Victoria’s extended ‘circuit breaker’ lockdown may be testing the patience of the state’s residents, but its major changes in traffic flow have been a valuable source of new data for an AI algorithm that can accurately predict local traffic flows three hours into the future.

PeakHour Urban Technologies, a startup that was founded last year to apply AI to complex traffic modelling, joined the Victorian Department of Transport (VicDoT) and Telstra in a collaborative project co-ordinated by the University of Melbourne’s Australian Integrated Multimodal EcoSystem (AIMES).

By assembling a highly technical team of less than 10 people – including traffic engineering experts, software developers and software engineers – the company has developed bespoke AI algorithms and is tuning them against massive volumes of traffic data, which is collected in real time from a variety of sources.

“I believe the key is to have a multi-disciplinary approach and have people who are experts in different domains,” PeakHour founding CEO Omid Ejtemai told Information Age.

“We bring them together and innovate, and try to do something that has not been done before, but is based on deep knowledge in these areas.”

The AI engine has been applied to data from over 10,000 monitoring points across the Melbourne metropolitan area, which is collected by VicDoT’s Sydney Coordinated Adaptive Traffic System (SCATS) road-monitoring system and gives PeakHour updated location-based data about traffic volume every 5 minutes.

Combined with regularly updated point-in-time speed data from over 20,000 collection points provided by geographical systems vendor TomTom – which has been tracking worldwide changes in traffic flow during the pandemic – PeakHour’s AI has been able to reliably predict how traffic will look anywhere in Melbourne, up to three hours in advance.

Such modelling will become invaluable in future ‘smart cities’ where traffic flows will be managed by increasingly automated infrastructure – but it is already useful as a way of, for example, predicting changes in traffic flow if a particular road is closed for repaving.

“In order to optimise and manage traffic, we need to be able to predict it,” Ejtemai explained. “If we cannot measure traffic, it’s very difficult to optimise it.”

Traffic cop for the smart city

To be immediately useful, he said, speed is of the essence: “It has to be fast in order to be relevant,” Ejtemai said.

This requirement pushed PeakHour to tap the Amazon Web Services cloud platform, which provides both compute capability to scale the AI algorithm and massive amounts of data storage to hold a data set that is growing by many gigabytes per day.

“We believe this is the right approach because data is becoming more and more available,” Ejtemai said. “The quality is improving, additional sources of data are coming, and we are ready and set up to ingest them.”

States already maintain standardised data sets containing information about transport infrastructure – with NSW’s open-data operation, for example, offering data sets describing the state’s road segments, traffic lights, toll road data, and historical traffic volumes.

Completely new data sources are also being tested to see if they provide new insight or greater accuracy: current weather data, for example, could provide a new facet to the AI’s traffic modelling by revealing if slowdowns, for example, are exacerbated by rain.

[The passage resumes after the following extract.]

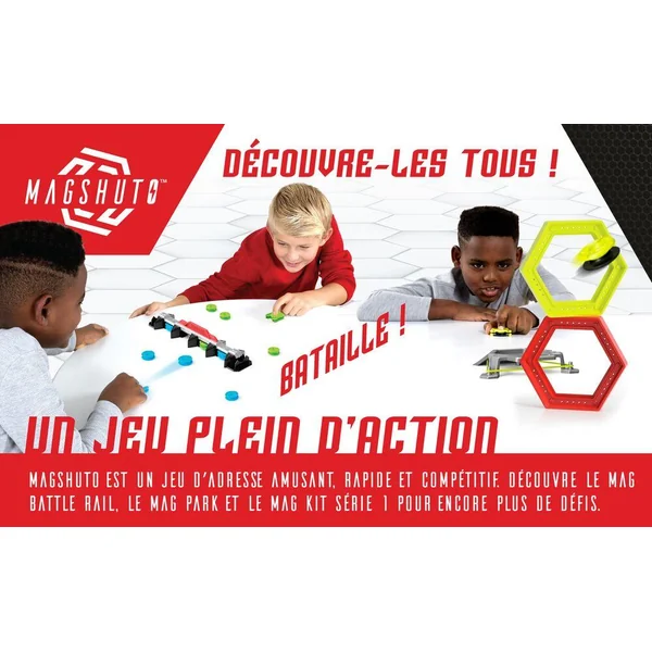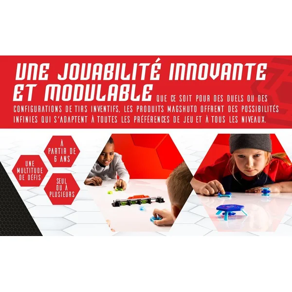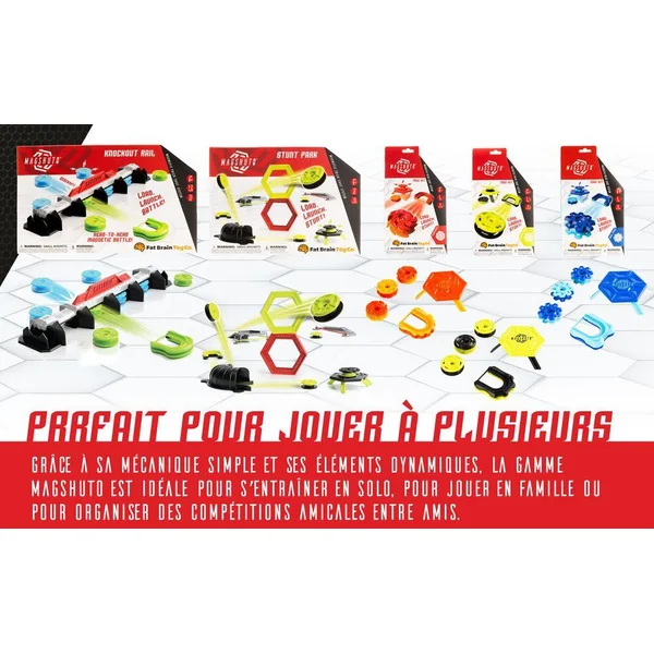 Pour jouer, enclenche le Mag Pod dans le lanceur pour le charger, puis relâche pour lancer ! Pour commencer, réussis les 15 défis proposés. Ensuite, passe à la vitesse supérieure et imagine des cascades magnétiques audacieuses, en inventant sans cesse de nouvelles facons de jouer. Comprend 1 lanceur, 1 module de cascades, 2 anneaux hexagonaux , 1 rampe à tunnel avec virage à 90° et rampe haute, 1 rebondisseur, 5 mag-pods, 1 cible magnétique mag-module et 15 cartes défis. A combiner avec le set Mag Battle Rail pour relever encore plus de défis Magshuto !

Recent Infrastructure Australia modelling suggested that road congestion and public transport crowding cost the country $19 billion in 2016, and this is expect to increase to $39.8b in 2031 unless better traffic-management strategies are widely embraced.

Ultimately, the new AI models that the PeakHour-University of Melbourne team are developing will be able to be operationalised and integrated into everyday traffic management, development planning, event management, and other activities.

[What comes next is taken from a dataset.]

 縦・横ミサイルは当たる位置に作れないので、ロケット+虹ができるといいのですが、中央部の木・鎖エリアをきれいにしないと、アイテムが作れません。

As well as predicting future traffic patterns, the system can also streamline the traffic signals managing the movement of on-road vehicles, freight, and on-road public transport.

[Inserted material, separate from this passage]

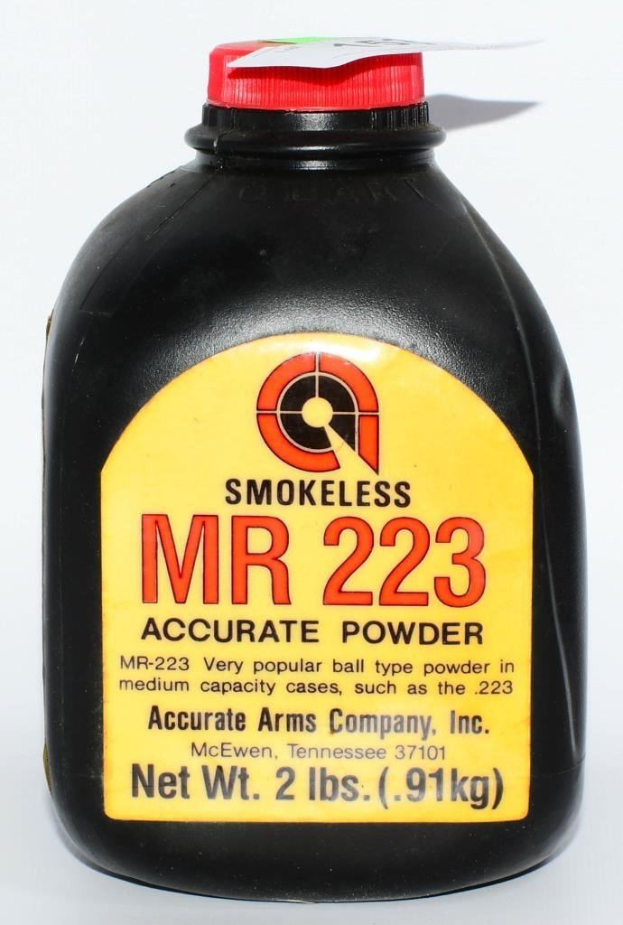 2 Lb Container Of Accurate MR 223 Gun Powder, Note Container Is Not Full And Weighs Only 1 Lb 4 Oz , MR-223 Very Popular Ball Type Powder In Medium Capacity Cases Such As .223

Although it has been developed and tested in Melbourne, the system can be applied to any city.

“If we can upscale the application to provide more accurate prediction with machine learning and real-time data,” said AIMES director Professor Majid Sarvi, “it will soon be possible to substantially reduce delays in hotspots across Melbourne and many locations across the globe.”

Although the three-hour prediction timeframe is most immediately useful as an operational tool, Ejtemai said the team’s experiments have shown that the AI modelling can also predict traffic flows “up to one or two months, surprisingly accurately based on real-time data and that pattern that we see today.”

Ultimately, the imperative to improve traffic management will be fundamental to urban sustainability as congestion continues to challenge growth.

“Demand is growing, and the solution here is technology that will help cities remain liveable and sustainable,” Ejtemai said.

“Traffic prediction is a starting point, and we are really excited about using this data to achieve better results.”